4.7.2.4.3. Enabling the section-size tool

You can use the annocheck section-size tool display the size of the named sections.

Procedure

  • To enable the section-size tool, use:

    $ annocheck --section-size=name

    Replace name with the name of the named section. The output is restricted to specific sections. A cumulative result is produced at the end.

Additional information

  • For more information about the section-size tool, see the --help command-line option.
4.7.2.4.4. Hardening checker basics

The hardening checker is enabled by default. You can disable the hardening checker with the --disable-hardened command-line option.

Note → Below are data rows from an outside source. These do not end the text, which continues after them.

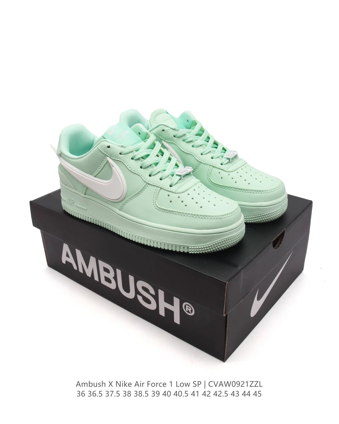 AMBUSH x Nike Air Force 1 07 Low SP Unisex Sneakers: leather upper, oversized Swoosh, special lace buckle, TPU heel with AMBUSH logo, soft cushioning.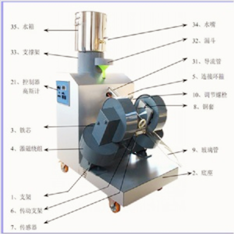 该机将磁场主体,试验管及管架,传动电机,储水箱及进出水部分,微机控制器及储物箱全部整合为一体。 一体化车式结构,为了保证测量的准确性,每一台磁选管均在出厂前做了磁场强度的标定,完全符合《选煤用磁铁矿粉实验方法》(GB/T18711-2002)对实验设备的要求。设备不用调试,出厂前已标定好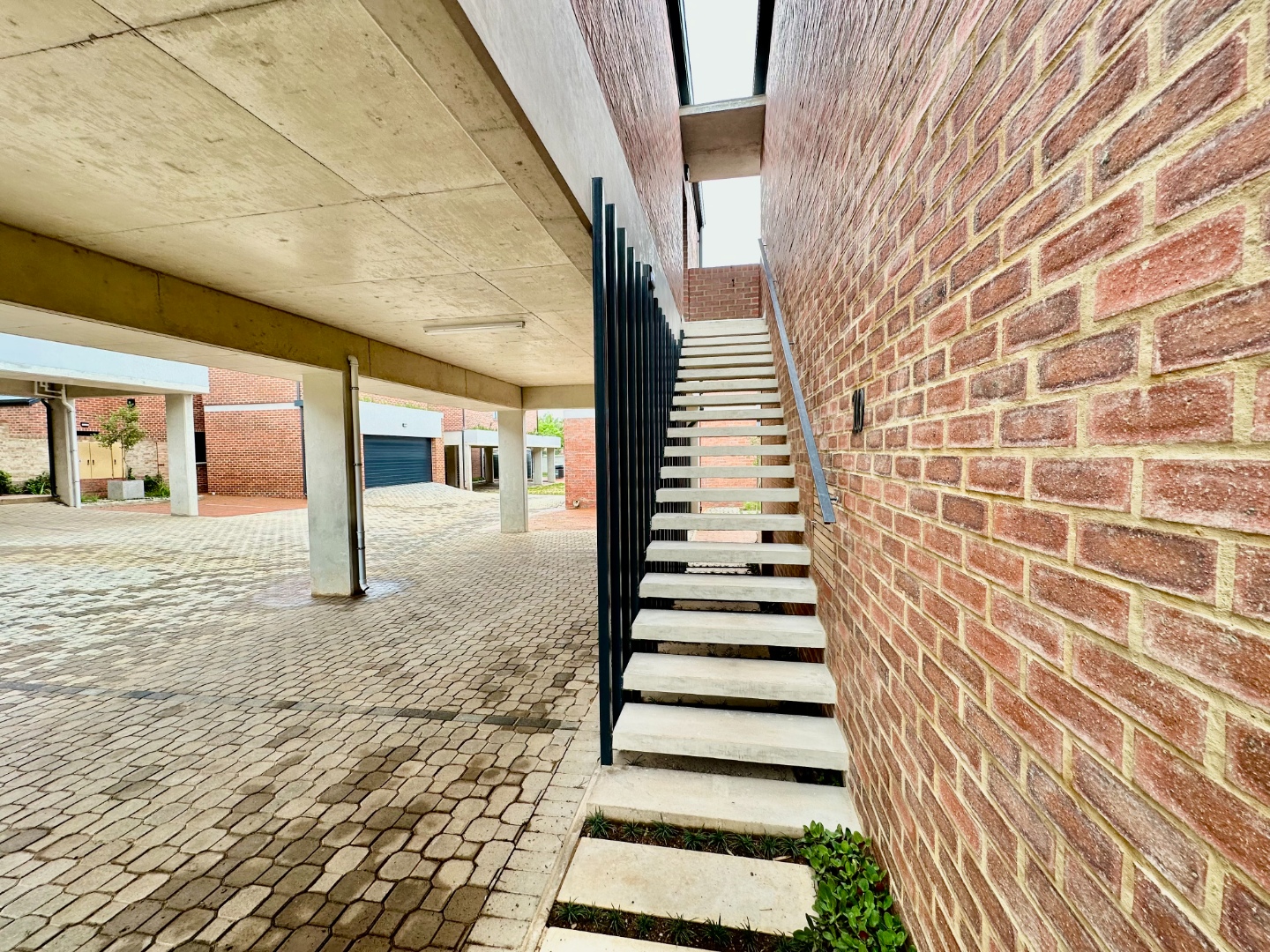 This unit is part of a modern residential complex in Hazelwood, Pretoria, showcasing a striking architectural design with red brick and concrete finishes. Residents benefit from a dedicated covered parking bay, providing secure and convenient vehicle storage within the paved common areas. The lock-up-and-go nature of this apartment makes it an ideal choice for students or young professionals seeking a hassle-free lifestyle in a vibrant university community.

4.7.2.4.4.1. Hardening checker options

The annocheck program checks the following options:

  • Lazy binding is disabled using the -z now linker option.
  • The program does not have a stack in an executable region of memory.
  • The relocations for the GOT table are set to read only.
  • No program segment has all three of the read, write and execute permission bits set.
  • There are no relocations against executable code.
  • The runpath information for locating shared libraries at runtime includes only directories rooted at /usr.
  • The program was compiled with annobin notes enabled.
  • The program was compiled with the -fstack-protector-strong option enabled.
  • The program was compiled with -D_FORTIFY_SOURCE=2.
  • The program was compiled with -D_GLIBCXX_ASSERTIONS.
  • The program was compiled with -fexceptions enabled.
  • The program was compiled with -fstack-clash-protection enabled.
  • The program was compiled at -O2 or higher.
  • The program does not have any relocations held in a writeable.
  • Dynamic executables have a dynamic segment.
  • Shared libraries were compiled with -fPIC or -fPIE.
  • Dynamic executables were compiled with -fPIE and linked with -pie.
  • If available, the -fcf-protection=full option was used.
  • If available, the -mbranch-protection option was used.
  • If available, the -mstackrealign option was used.
4.7.2.4.4.2. Disabling the hardening checker

The following section describes how to disable the hardening checker.

Procedure

  • To scan the notes in a file without the hardening checker, use:

    $ annocheck --enable-notes --disable-hardened file-name

    Replace file-name with the name of a file.

4.7.3. Removing redundant annobin notes

Using annobin increases the size of binaries. To reduce the size of the binaries compiled with annobin you can remove redundant annobin notes. To remove the redundant annobin notes use the objcopy program, which is a part of the binutils package.

Procedure

  • To remove the redundant annobin notes, use:

      $ objcopy --merge-notes file-name

    Replace file-name with the name of the file.